Canadians are enthusiastically adopting digital technologies and services to improve the way they work and enhance their lifestyle. The rapid adoption of mobile devices, mobile apps and cloud-based services have the unprecedented capability of transforming entire industry sectors.

With the shift to digital services, many of the traditional methods of how we prove who we are now being viewed as obsolete, as irritants, or as barriers to innovation. As our society transitions to the digital world, in-person and paper-based processes, once the preferred method of service delivery, are now being replaced by digital alternatives.

This trend toward digital alternatives, is transforming how we present ourselves in-person and online. Canadian documents used for the purposes of identification and eligibility are being modernized: from the Canadian e-passport to provincially-issued smart services cards, such as the BC Services Card. These modernized documents, while preserving the traditional in-person and document-based presentation methods, represent the next step toward digital alternatives. Through embedded electronic capabilities, these documents provide secure ways to electronically authenticate documents that can be used to identify customers subject to PCMLTFA regulations. In conjunction, electronic methods enabled through the use of these documents as well as broader transformation to digital identification sources can provide electronic alternatives that enable a fully digital service delivery capability that is equally secure, trustworthy, and legally binding.

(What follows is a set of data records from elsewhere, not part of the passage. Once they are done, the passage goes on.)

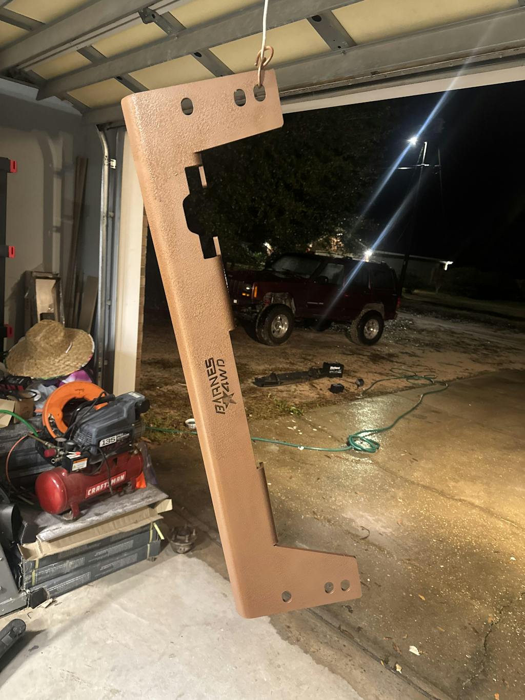 Got a broken, crumbling factory aluminum steering box spacer on your Jeep Cherokee or Comanche? Barnes 4WD has the solution with our XJ/MJ Steering Box Spacer! This bracket is laser cut from 3/16" steel and precision machined 1018 steel spacers are pressed into the sheet metal right here in our manufacturing facility. This bracket has an additional 1/2" hole in the sheet metal to help you install the bracket. This kit will come with brand new 7/16" x 4" grade 8 bolts and washers and a 1/2" bolt, washers, and nylock nut. This spacer will be shipped raw and ready to be painted or powder coated before installation.
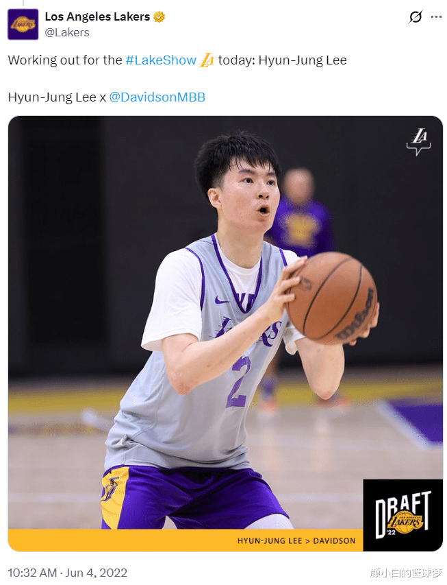 或许很多人忘记了,2022年李贤重曾到湖人队进行过试训,这位身高2.01米的NCAA投手真的很有实力。
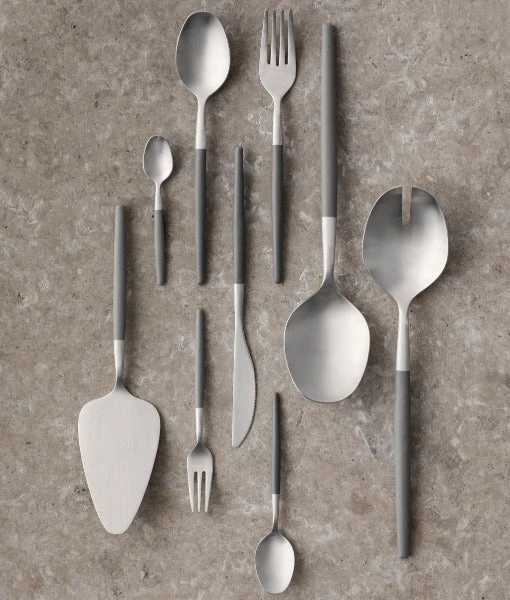 Cleaning instructions: we recommend not to use any caustic or aggressive cleaning agents. When washing by hand, please clean the product in the direction of the brushed surface to avoid the risk of scratches on the surface. Never use steel wool, abrasive sponges or hard brushes as they may scratch the flatware. After cleaning, we recommend to dry the cutlery with a soft cloth in the direction of the finish. However, we advise against polishing in order to preserve the special matt appearance of the surface.
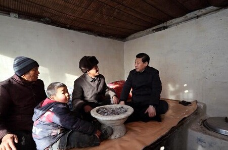 2012年12月29日,十八大闭幕一个月后,习近平冒着零下十几摄氏度的严寒,驱车300多公里来到地处太行山深处的河北省阜平县,看望慰问困难群众,考察扶贫开发工作。
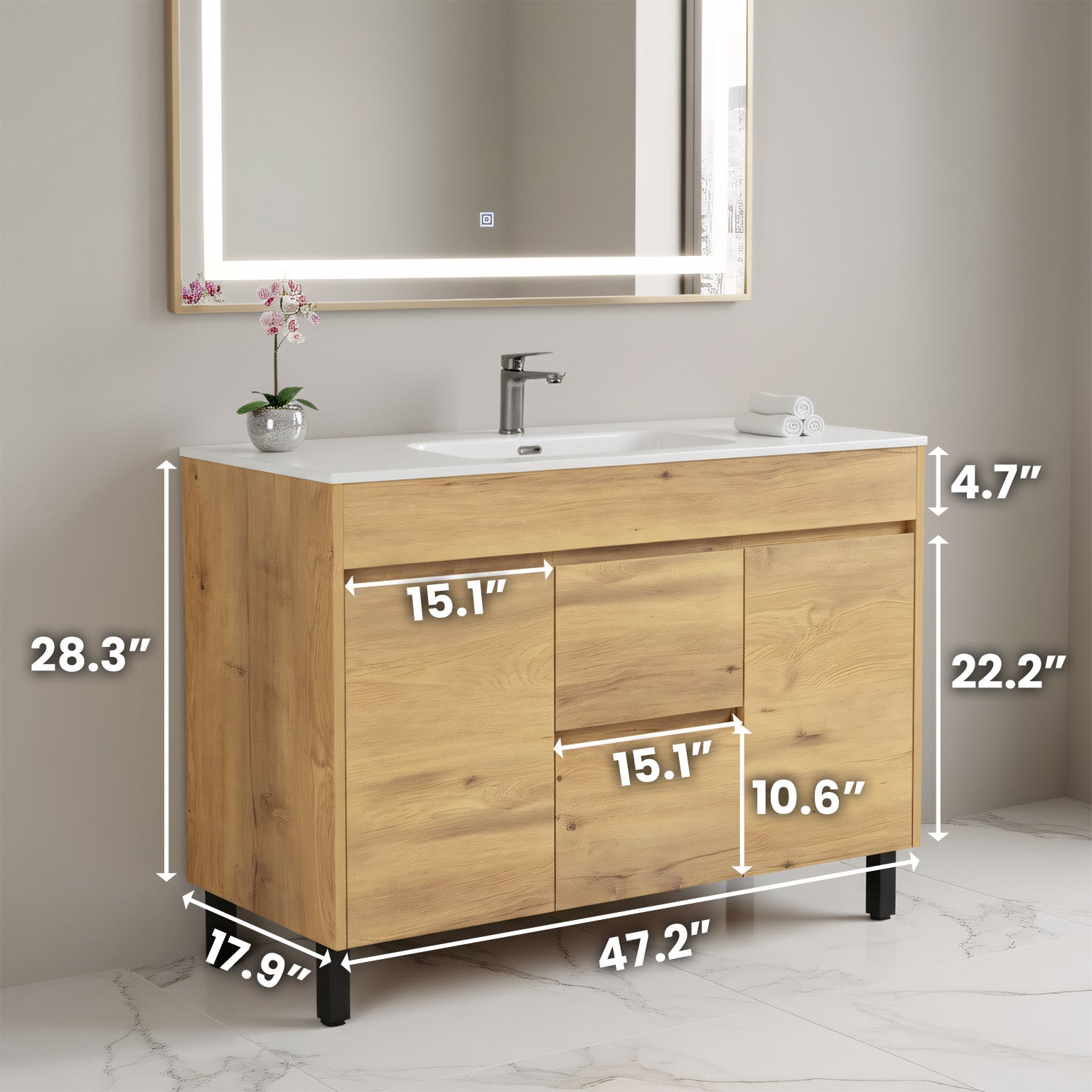 Meuble-Lavabo Autoportant 48 po Chêne Givré avec Comptoir de Céramique Blanc
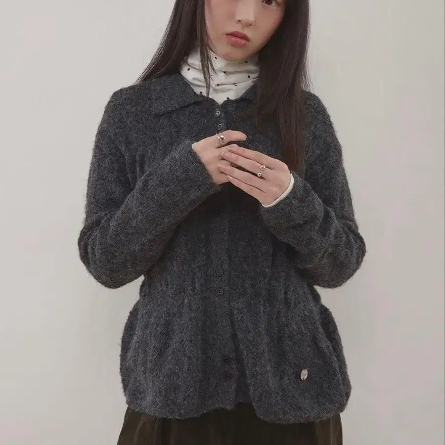 muhet 셔링 니트 셔츠 가디건
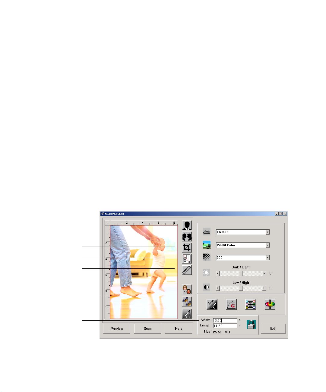 Paper Guide—Holds pages in place. Adjust to fit the size of the paper to scan.
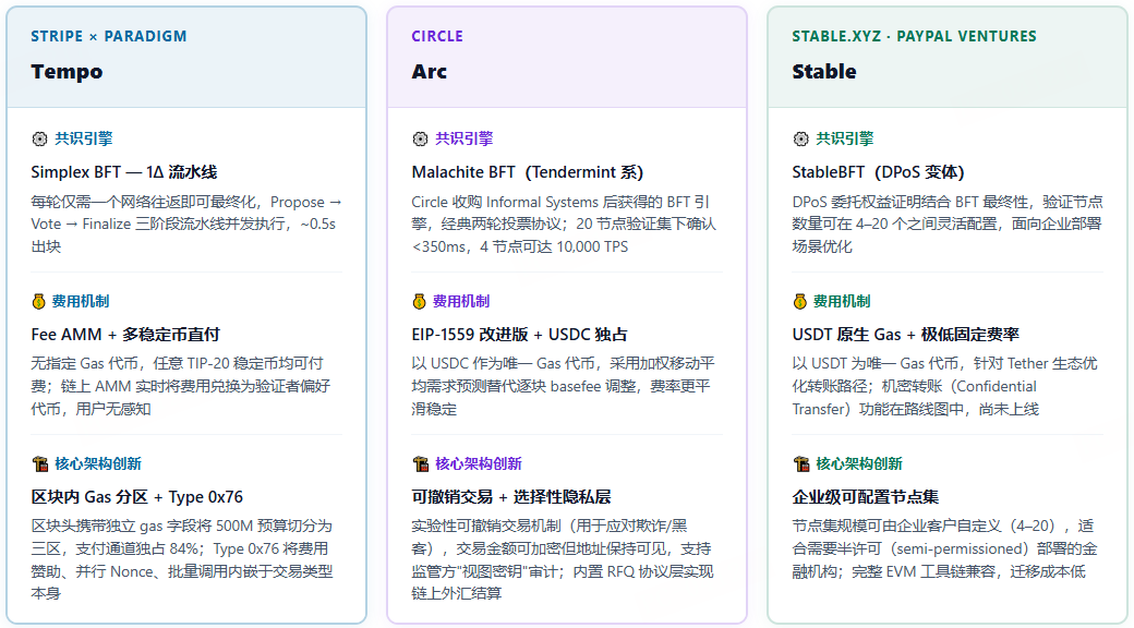 三条链均为支付专用 L1,但底层技术路线差异显著。以下从共识引擎、费用机制、核心架构创新三个维度拆解各自的技术选型。
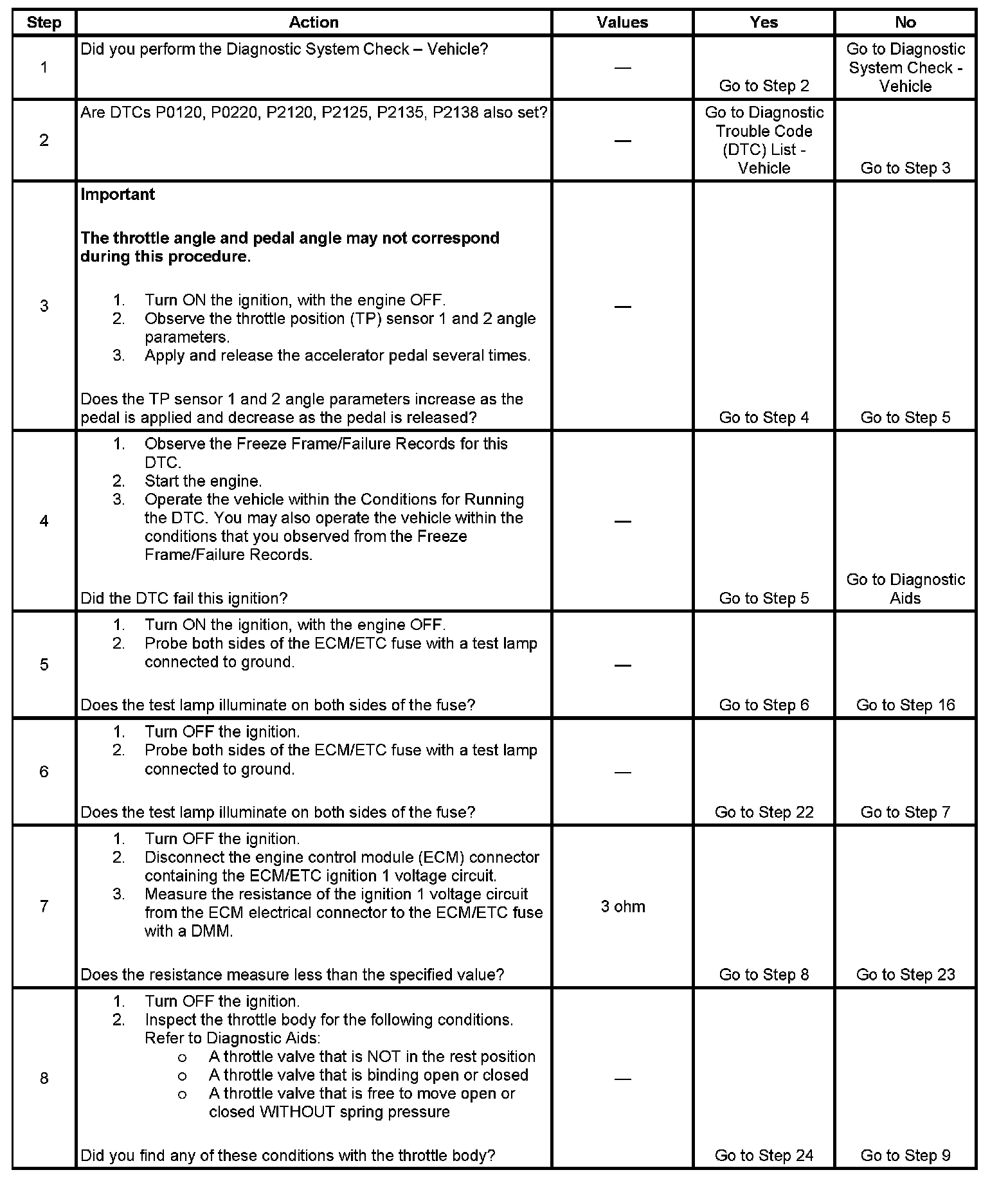 The commanded throttle position is compared to the actual throttle position based on accelerator pedal position (APP) and possibly other limiting factors. Both values should be within a calibrated range of each other. The engine control module (ECM) continuously monitors the commanded and actual throttle positions. This DTC sets if the values are greater than the calibrated range.
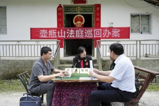 近日,湖南省石門縣人民法院壺瓶山人民法庭將庭審現(xiàn)場“搬”到石門縣南北鎮(zhèn)金家河村,審理了一起宣告死亡案件,為居住在大山深處出行不便的田大爺解決了一樁憂心事。
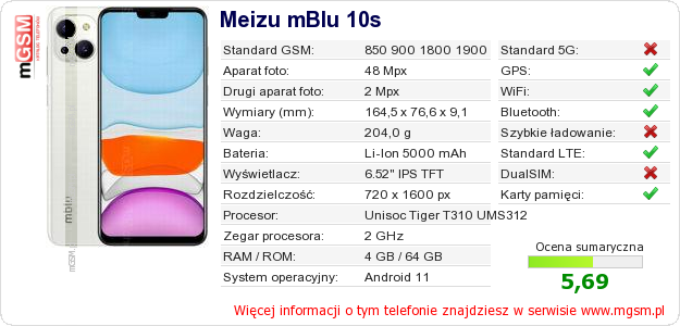 Dane telefonu Meizu mBlu 10s na Twojej stronie
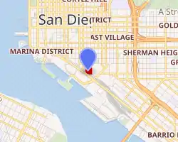 Built in 2004 at a cost of $124 million, the 32-story, 511-room Omni San Diego is located across the street from the San Diego Convention Center and connected via sky bridge to Petco Park.[1] The tower was developed by JMI Realty and designed by architectural firm Hornberger and Worstell. Other key contributors include general contractor Swinerton and Architectural Glass and Aluminum as the glazing contractor.[2] The hotel has over 20,000 square feet (1,900 m2) of meeting space in addition to a 9,750-square-foot (906 m2) ballroom.[3] There is also a sixth-floor outdoor terrace with a heated pool and jacuzzi, a McCormick & Schmick's seafood restaurant, and a full-service business center.
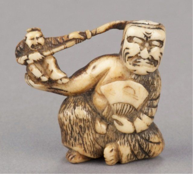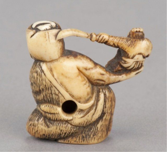 We are able to ship Netsuke from our gallery for this auction. Unfortunately we will not be able to ship any ivory to areas where its import is forbidden by law. Shipping ability and cost is contingent upon destination, insurance, and weight of the package. We charge an additional handling fee of 10/box.
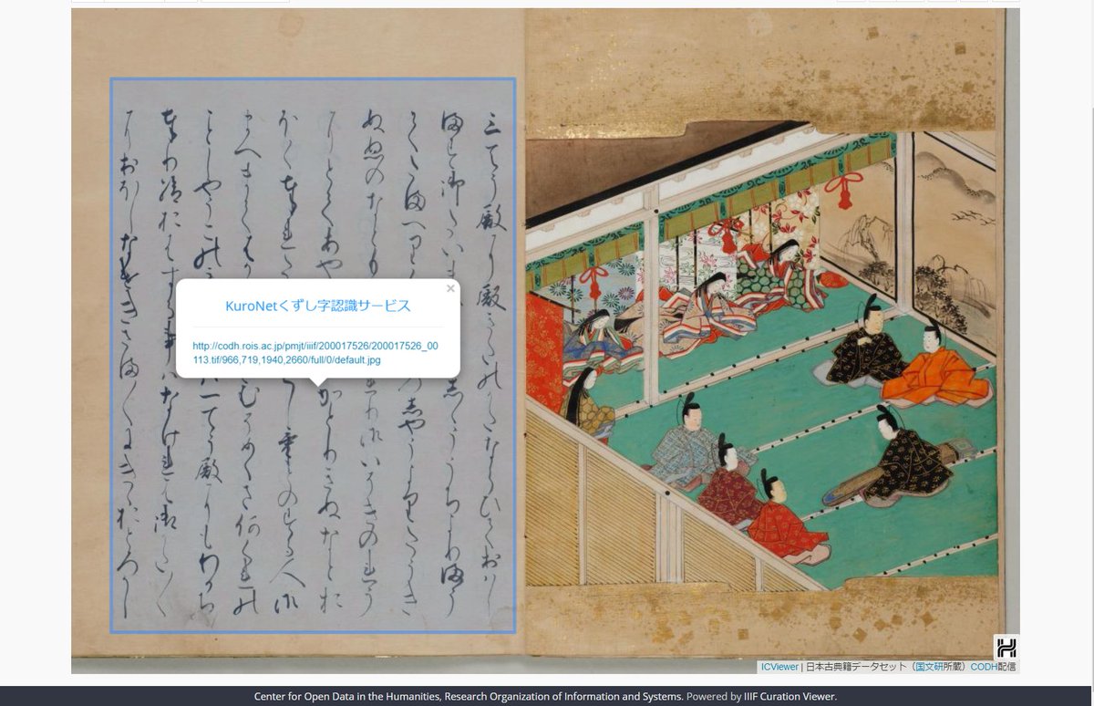 「くずし字認識ビューア」を公開しました。IIIFで公開されている任意の画像に対して、ディープラーニングを用いた「くずし字一文字認識」をお試しできます。tensorflow.jsを活用し、ブラウザ上でくずし字認識を実行しています。
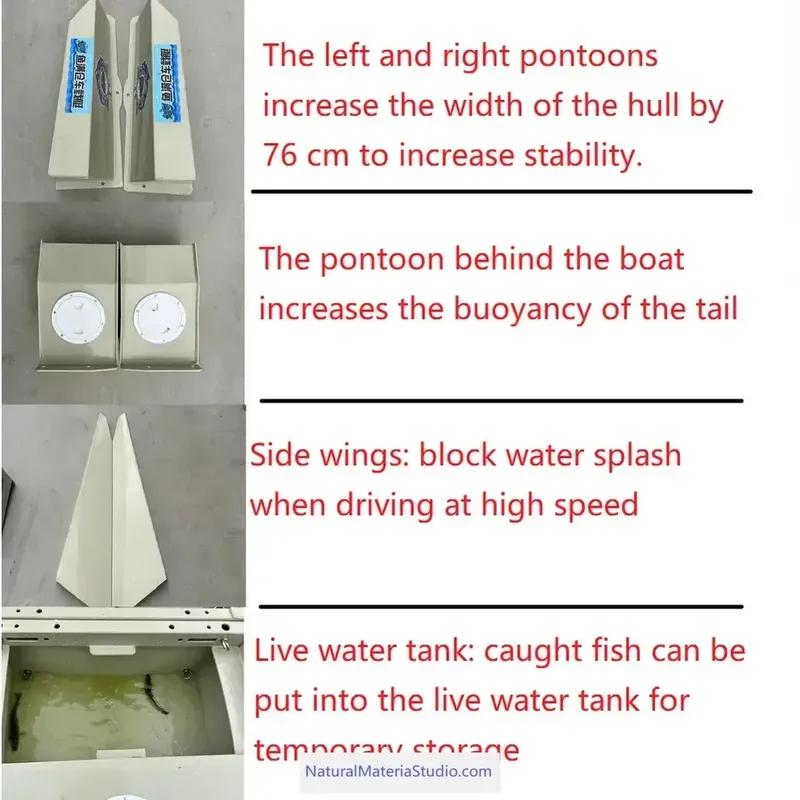 저희 보트는 고품질 PPR로 제작되었으며, 스테인리스 스틸 인레이 콜라겐 선체로 보강되고 다양한 금속 부속품과 결합되어 있습니다. 이 소재는 보트를 가볍고 유연하며 견고하고 내구성 있게 하며, 수명이 30년 이상입니다. 보트는 특별히 밀폐된 선실로 설계되어 보트가 뒤집혀도 침몰하지 않습니다. 완전 재활용 가능하며 수리가 용이합니다. 고객은 보트 크기에 따라 엔진을 직접 구성합니다(현지 전문 매장에 문의).
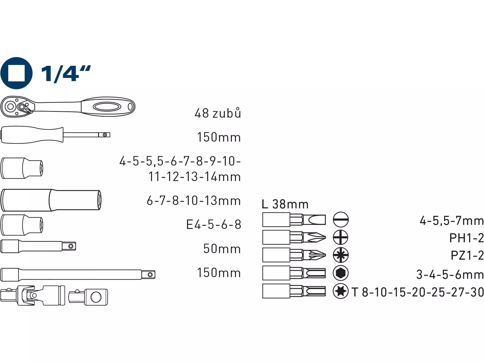 - Hlavice nástrčné: 1/4": 4-5-6-7-8-9-10-11-12-13-14mm
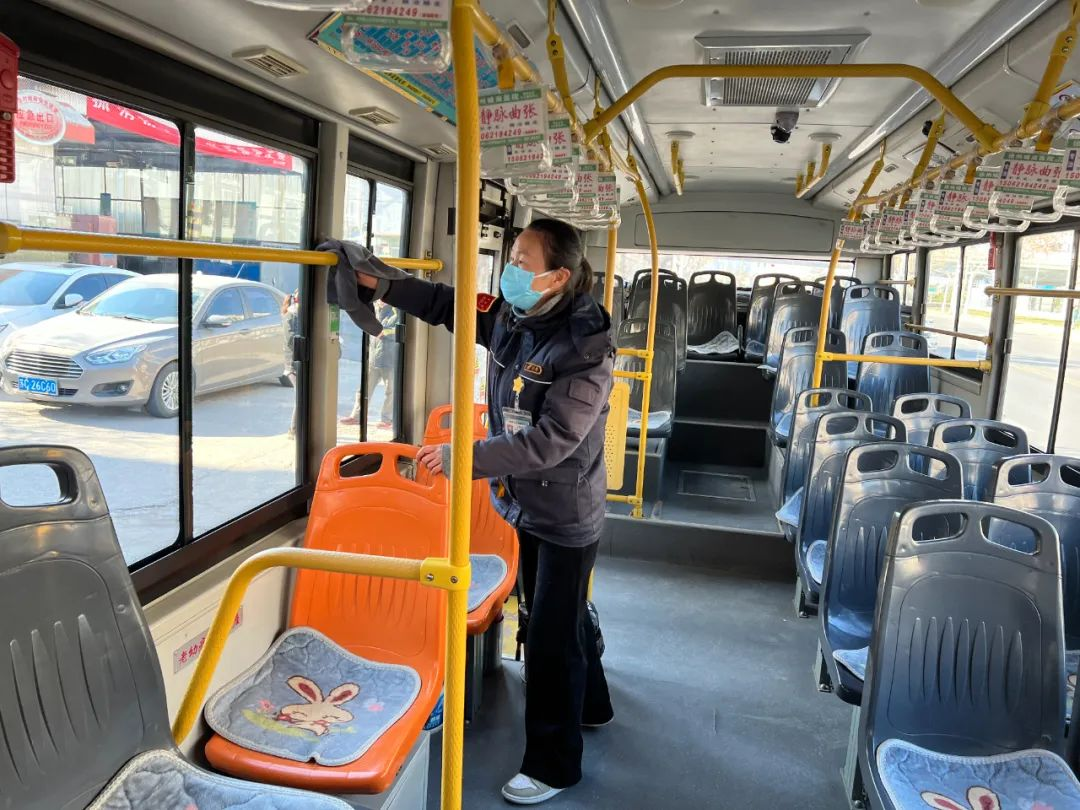王海芬跑的這條線路,穿過數(shù)條主干道,經(jīng)過工人醫(yī)院、兒童醫(yī)院等一個個醫(yī)療中心。“這幾天有一位乘客,兒子剛動完手術,他每天要到醫(yī)院送飯。每次上車,我們都會互相寒暄幾句,心里也暖暖的。”為了自己的健康也為了他人的健康,王海芬利用休停時間把座椅、扶手等地方用消毒液進行擦拭,每一趟的間隙開窗通風,保證車內空氣流動,她在車內配備了藥箱,里面有口罩等防疫物資以備乘客不時之需。
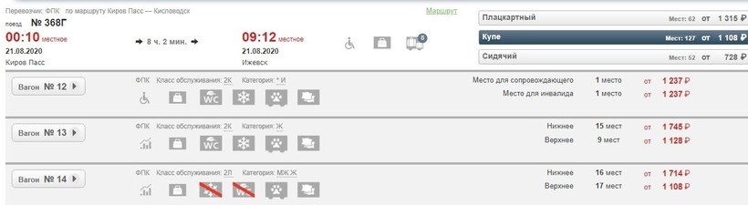 Актуальные расписание поездов Киров, Кировская область — Ижевск, стоимость жд билетов и информация о наличии билетов на скорые поезда АО «ФПК».

The significant advantages these modernized documents and capabilities have over traditional identity documents (e.g. driver’s licence, birth certificate, etc.) include:

  • More robust authentication techniques where the document can be electronically authenticated by means of a secure reader. This is key to combating document and identity fraud
  • The elimination of expensive and error-prone paper-based evidence collection processes (e.g. photocopying a document and placing in a physical file)
  • Ability to integrate multiple reliable sources of information to provide a more robust validation of the individual based on preponderance of information vs 1-2 methods that exist today

Application of digital identity across Canada can enhance accuracy of information, improve operational efficiencies across the public and private sectors and increase convenience and access for Canadians, including:

  • Enabling secure conduct of high-value business transactions, such as opening a banking account, purchasing a cell phone or signing legal agreements
  • Enabling transactions that involve sensitive personal information, such as viewing medical records or renewing a prescription
  • Facilitating simple every day transactions such as signing a child’s waiver form for hockey camp or a class field trip

Regulatory Analysis

Modernized identity documents and capabilities can be used to enhance and ultimately replace existing procedures where an individual is required to be physically present:

  • Electronic authentication of document security features and identity information versus the more difficult (and less reliable) visual authentication and manual transcription by a sufficiently-trained clerk or officer
  • Electronic collection and validation of identity information, reducing data entry errors and ensuring up-to-date identity information about the individual
  • Use of additional methods to ensure that the individual is the legitimate owner (e.g. use of a PIN)
  • Preserving privacy by collecting only the information that is required to meet regulatory requirements. For example, a photocopy of a driver’s licence contains personal information that is not required to open a bank account

Regulatory Recommendations

To build a Digital Identification and Authentication (DIA) regime to underpin a modernized payments system, enable fully digital transactions, and protect Canadians’ privacy, Government must lead the charge. We propose that an additional method be added to the Schedule 7 of the regulations that will allow for the option of a fully electronic (i.e., digital) method to ascertain identity that is sufficient in strength to meet the non-face-to-face identification requirements. We propose that this additional method be called “Electronic Confirmation of Identity”, as described below.

Electronic Confirmation of Identity

This method of ascertaining a person’s identity consists of two parts: i) electronically confirming the accuracy of person’s identity information using an accredited authoritative source, and, ii) ensuring the identity information being confirmed relates to the person making the claim (i.e. not to another person).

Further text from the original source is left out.